Key points
- After a sacrifice, the giver can experience lower well-being and the recipient can have mixed feelings about the sacrifice.
- Women may be especially likely to experience lower well-being after a relationship sacrifice.
- People who are grappling with a relationship sacrifice may want to change what they focus on or reconsider the need to sacrifice.
A new study published in the Journal of Current Opinion in Psychology explains why the noble act of sacrifice may have hidden negative costs for both its giver and its receiver in a romantic relationship. According to the study, these costs may accumulate and cause bigger problems for the relationship in the future.
“It’s certainly honorable to put aside one’s own self-interest because of your partner or your relationship,” explains psychologist Francesca Righetti. “However, our research shows that there is a difficult aftermath for both the giver and the recipient.”
Righetti’s research assessed sacrifice in relationships from four different aspects by analyzing the results of more than 80 previous studies. These aspects were:
- Willingness to sacrifice
- The act of sacrifice
- Satisfaction with sacrifice
- Costs of sacrifice
The researchers found relationship sacrifice to be an “exceptionally costly prosocial behavior.”
“The giver experiences lower well-being after sacrificing and the recipient starts having mixed feelings about the sacrifice and the partner,” explains Righetti. “On the one hand, the receiver feels grateful, loved, and accepted, but they also feel guilty and in debt. And we know that having mixed feelings is not good for relationships.”
Sacrifice works differently compared to other prosocial behaviors in that it involves giving up one’s own preferences or goals for others. When people engage in other prosocial behaviors, they usually don’t need to give up something that they would rather do or have.

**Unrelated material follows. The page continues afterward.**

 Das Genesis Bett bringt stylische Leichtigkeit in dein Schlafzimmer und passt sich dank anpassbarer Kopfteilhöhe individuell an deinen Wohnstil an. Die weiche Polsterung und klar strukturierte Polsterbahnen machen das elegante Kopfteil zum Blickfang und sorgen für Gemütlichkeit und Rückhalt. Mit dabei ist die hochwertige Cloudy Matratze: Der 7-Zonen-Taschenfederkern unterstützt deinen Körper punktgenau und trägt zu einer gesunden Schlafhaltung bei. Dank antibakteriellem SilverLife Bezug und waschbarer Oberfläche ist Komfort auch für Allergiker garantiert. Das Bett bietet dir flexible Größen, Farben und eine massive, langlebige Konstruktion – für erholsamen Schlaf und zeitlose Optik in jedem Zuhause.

“Sacrifice is costly because it requires one to give up their own preferences and goals,” explains Righetti. “Focusing on these costs appears to be especially detrimental for the giver’s well-being and for the relationship.”
Another crucial finding of Righetti’s study was that women were especially likely to experience lower well-being after having sacrificed.

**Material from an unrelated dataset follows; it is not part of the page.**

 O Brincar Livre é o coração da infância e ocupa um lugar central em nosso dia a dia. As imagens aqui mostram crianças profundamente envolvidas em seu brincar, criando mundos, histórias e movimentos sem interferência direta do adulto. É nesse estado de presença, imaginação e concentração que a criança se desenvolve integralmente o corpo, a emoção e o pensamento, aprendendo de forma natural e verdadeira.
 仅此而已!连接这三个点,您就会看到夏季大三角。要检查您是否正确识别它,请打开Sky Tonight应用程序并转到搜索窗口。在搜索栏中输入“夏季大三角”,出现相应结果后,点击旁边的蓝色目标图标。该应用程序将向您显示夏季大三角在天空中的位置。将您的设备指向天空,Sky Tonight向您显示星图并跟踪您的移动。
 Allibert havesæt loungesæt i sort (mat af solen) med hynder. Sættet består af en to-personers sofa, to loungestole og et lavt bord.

While the reasons for this tendency are still being studied, Righetti gives us this tentative explanation:
“We think that it may be that women may sacrifice more in their relationship and that, because of gender roles, they are also expected to sacrifice more and they do not receive as much appreciation and validation as men for their sacrifices,” she explains. “In sum, they may especially experience the costs and very little of the benefits.”
All things considered, Righetti warns that viewing sacrifice as an inherently negative or positive behavior may not be useful because, in most relationships, sacrifices are inevitable.
What one can change, however, is the way they appraise the nature and necessity of a sacrifice.
If you are grappling with sacrifice in your own relationship, Righetti advises you to:
- Change what you focus on: If you focus on what you have lost after a sacrifice, you are more likely to experience lower personal well-being and relationship satisfaction. Therefore, Righetti encourages you to look at the bright side of the sacrifice (e.g., looking at how happy the partner is or what you/they can learn from this experience, or feeling proud of being such a generous person).
- Reconsider the need to sacrifice: Sometimes sacrifices are necessary to maintain a relationship. However, there are times when they can be avoided through contingency plans and a little bit of adjustment. To explain this, Righetti gives the example of moving due to a partner’s career opportunity or a partner wanting to spend a weekend with their parents. In the first case, either they sacrifice their career opportunity or their partner moves with them. In the second case, sacrifice is not necessary. If one partner wants to spend the weekend with their parents and the other doesn’t, they can simply decide to spend the weekend separately while preserving their relationship (and saving stress for both of them).
Ultimately, couples need to navigate these situations and decide when it is necessary that one of them sacrifices and when it is possible for each of them to pursue their preferences independently while remaining joyful afterward.